FIXME: It will currently only point to en.wikipedia.org, this should be
made configurable.
## Sideloading a directory tree
For relatively small websites, ad-hoc side-loading is available directly from a
folder structure on the hard drive. This is intended for loading manuals,
documentation and similar data sets that are large and slowly changing.

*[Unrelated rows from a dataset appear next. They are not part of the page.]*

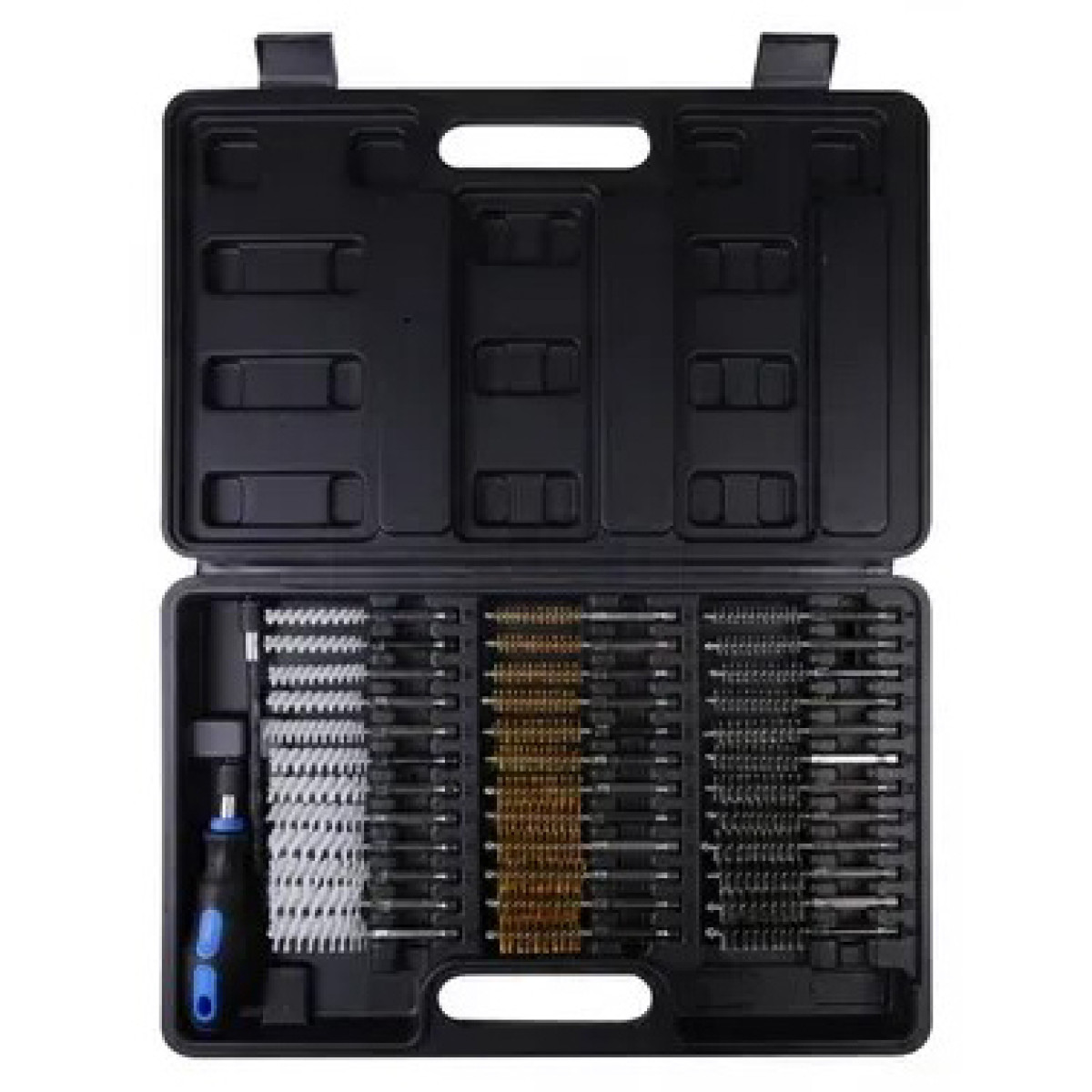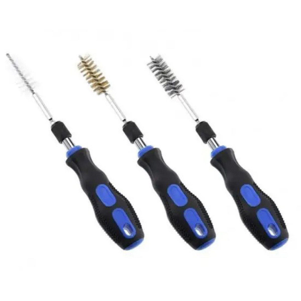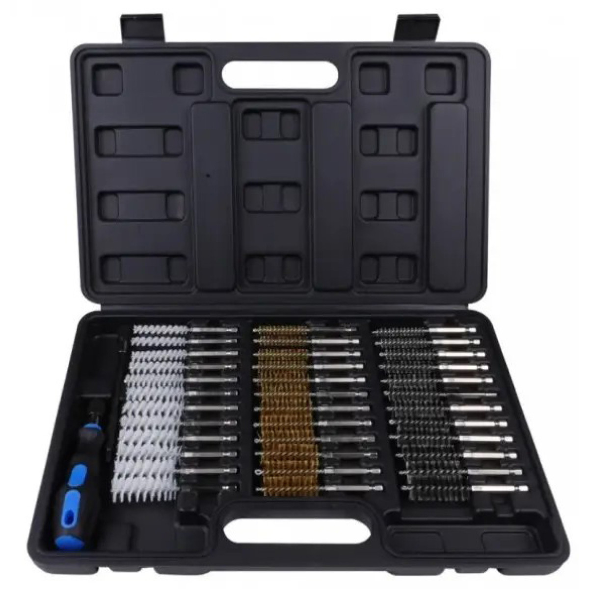 Набір зачисних щіток 38 шт ідеально підходить для очищення посадкових місць форсунок, свічок, циліндрів, патрубків, труб та інших елементів, що потребують очищення. Призначений для видалення бруду та стружки з просвердлених отворів, труб і важкодоступних місць блоку двигуна. У наборі по 12 щіток з нержавіючої сталі, латуні та нейлону з діаметрами 8–19 мм під посадковий квадрат 1/4”. Передбачена можливість використання щіток із прикріпленою ручкою або з електроінструментом. У комплект входить ручка з адаптером 1/4” та подовжувач 150 мм для зручної роботи.
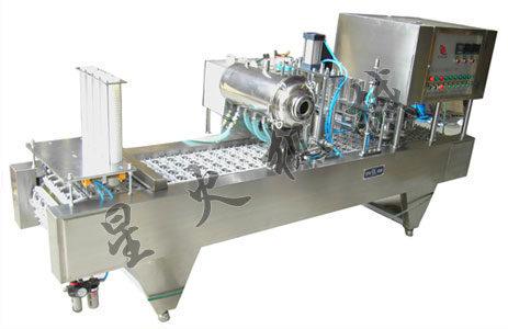 具有自動落杯、灌裝、消菌、光電跟蹤、封口(蓋)、自動對芯剪切、廢膜回收等功能。
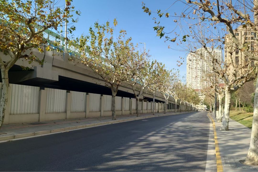 2025年,引桥边整洁的林荫道(胡俊 摄)
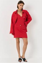 Рубашка прямого свободного силуэта, выполнена их хлопковой, джинсовой ткани, в красном цвете. По переду накладные карманы, застежка на пуговицы. Рукав спущенный, по низу рукав на манжете и пуговице.
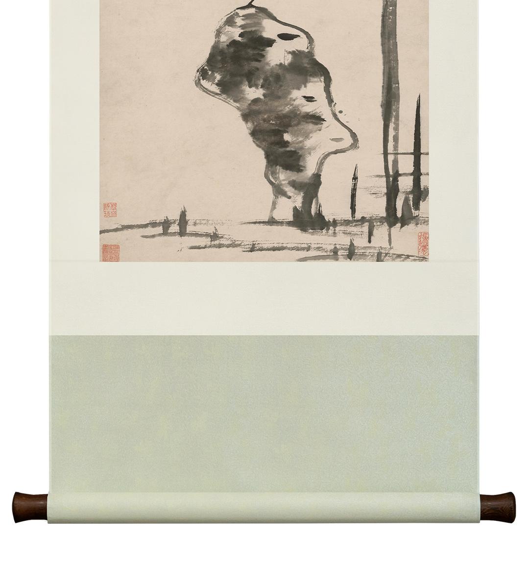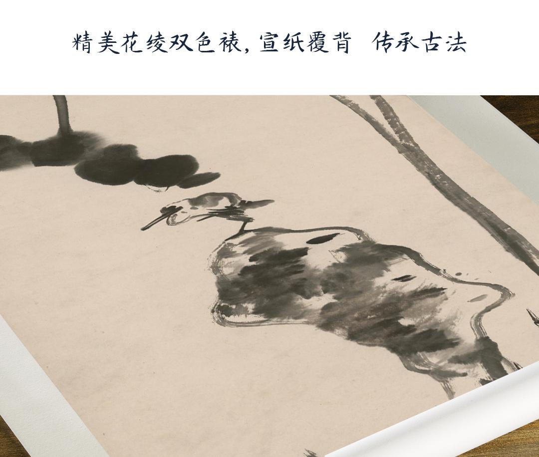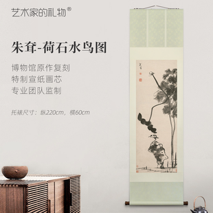 朱耷《荷石水鸟图》挂轴/镜芯,原作超清复刻版画,特制宣纸画芯
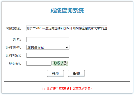 快!2025年北京市定向選調和優(yōu)培計劃筆試成績查詢入口已開通!點擊下方圖片進入成績查詢入口:

A website can be archived with wget, like this
```bash
UA="search.marginalia.nu" \
DOMAIN="www.example.com" \
wget -nc -x --continue -w 1 -r -U ${UA} -A "html" ${DOMAIN}
```
After doing this to a bunch of websites, create a YAML file something like this:
```yaml
sources:
- name: jdk-20
dir: "jdk-20/"
domainName: "docs.oracle.com"
baseUrl: "https://docs.oracle.com/en/java/javase/20/docs"
keywords:
- "java"
- "docs"
- "documentation"
- "javadoc"
- name: python3
dir: "python-3.11.5/"
domainName: "docs.python.org"
baseUrl: "https://docs.python.org/3/"
keywords:
- "python"
- "docs"
- "documentation"
- name: mariadb.com
dir: "mariadb.com/"
domainName: "mariadb.com"
baseUrl: "https://mariadb.com/"
keywords:
- "sql"
- "docs"
- "mariadb"
- "mysql"
```
|parameter|description|
|----|----|
|name|Purely informative|
|dir|Path of website contents relative to the location of the yaml file|
|domainName|The domain name of the website|
|baseUrl|This URL will be prefixed to the contents of `dir`|
|keywords|These supplemental keywords will be injected in each document|
The directory structure corresponding to the above might look like
```
docs-index.yaml
jdk-20/
jdk-20/resources/
jdk-20/api/
jdk-20/api/[...]
jdk-20/specs/
jdk-20/specs/[...]
jdk-20/index.html
mariadb.com
mariadb.com/kb/
mariadb.com/kb/[...]
python-3.11.5
python-3.11.5/genindex-B.html
python-3.11.5/library/
python-3.11.5/distutils/
python-3.11.5/[...]
[...]
```
This yaml-file can be processed and loaded into the search engine through the
Actions view.
## Sideloading Stack Overflow/Stackexchange
Stackexchange makes dumps available on Archive.org. These are unfortunately on a format that
needs some heavy-handed pre-processing before they can be loaded. A tool is available for
this in [tools/stackexchange-converter](../code/tools/stackexchange-converter).
After running `gradlew dist`, this tool is found in `build/dist/stackexchange-converter`,
follow the instructions in the stackexchange-converter readme, and
convert the stackexchange xml.7z-files to sqlite db-files.
A directory with such db-files can be processed and loaded into the
search engine through the Actions view.